Sarah Prieels

Personal information
- Born: 27 February 1990 (age 36)

Sport
- Country: Belgium
- Sport: Archery
- Event: Compound

Achievements and titles
- Personal best: 597(WR)

Medal record
Women's compound archery
Representing Belgium
European Championships
| Gold medal – first place | 2021 Antalya | Mixed team |
| Gold medal – first place | 2016 Nottingham | Individual |
| Gold medal – first place | 2010 Rovereto | Team |
World Indoor Archery Championships
| Bronze medal – third place | 2016 Ankara | Individual |
European Indoor Championships
| Gold medal – first place | 2015 Koper | Individual |
| Silver medal – second place | 2017 Vittel | Individual |
World University Archery Championship
| Silver medal – second place | 2016 Ulaanbaatar | Individual |
Summer Universiade
| Bronze medal – third place | 2015 Gwangju | Mixed team |
Archery World Cup
| Gold medal – first place | 2014 Antalya | Mixed team |
| Silver medal – second place | 2019 Shanghai | Mixed team |
| Bronze medal – third place | 2013 Medellín | Mixed team |
| Bronze medal – third place | 2017 Shanghai | Individual |
| Bronze medal – third place | 2023 Medellín | Individual |

= Sarah Prieels =

Belgian archer (born 1990)

Sarah Prieels (born 27 February 1990) is a Belgian archer competing the women's compound events.
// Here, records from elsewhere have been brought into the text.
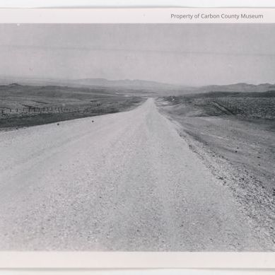 Update 2008: Black and white print. Snapshot. Image of a dirt or gravel road extending from a sagebrush prairie into rolling and rocky hills in the background. Fences on each side.
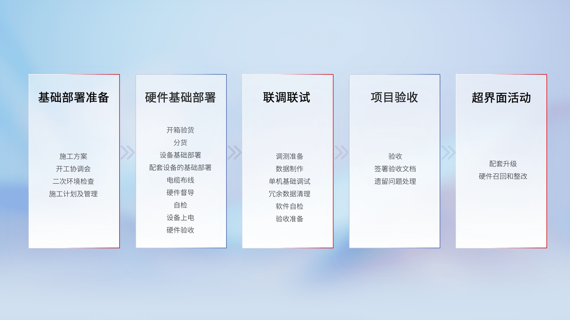 从基础部署准备、、、、硬件基础部署、、、、联调联试、、、项目验收、、、、越界面活动的全过程可追溯,,保证施工质量和进度。。
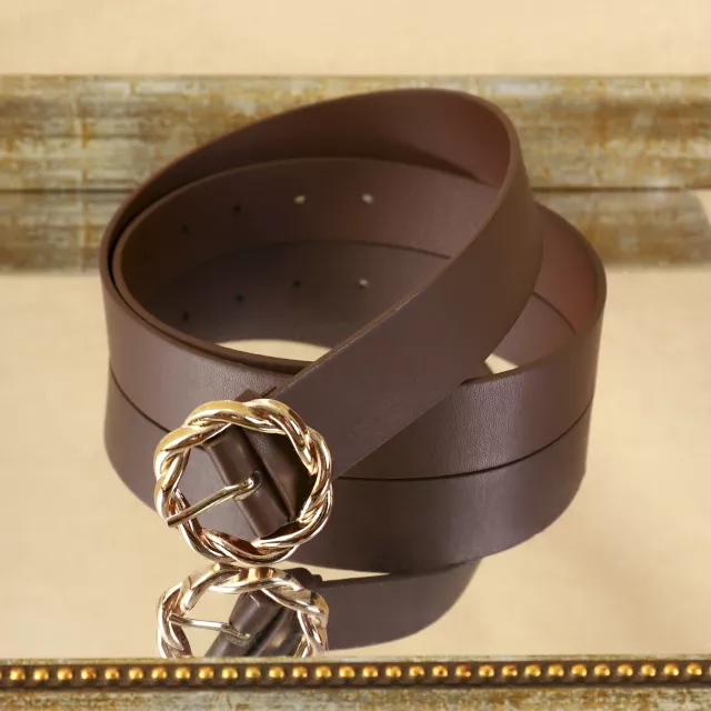 Transform your outfit in seconds with this fashionable, coffee-colored belt with a gold braided buckle. A must-have piece for any woman who loves combining simplicity with elegance. Add it to your wardrobe and let every outfit shine with effortless sophistication.

She won the gold medal in the mixed team event at the 2021 European Archery Championships held in Antalya, Turkey.

In June 2019, Prieels competed in the women's individual compound event at the European Games held in Minsk, Belarus. In December 2019, she set a new world record for the women's 60-arrow 18-metre indoor ranking round with a total of 597 out of 600 points at the TRUBall/Axcel Roma Archery Trophy held in Rome, Italy.

Prieels competed at the 2022 European Indoor Archery Championships held in Laško, Slovenia. She represented Belgium at the 2022 World Games held in Birmingham, United States. She also competed at the 2023 European Games held in Poland.

== Family ==
She is the great-great-granddaughter of archer Hubert Van Innis, multiple Olympic champion.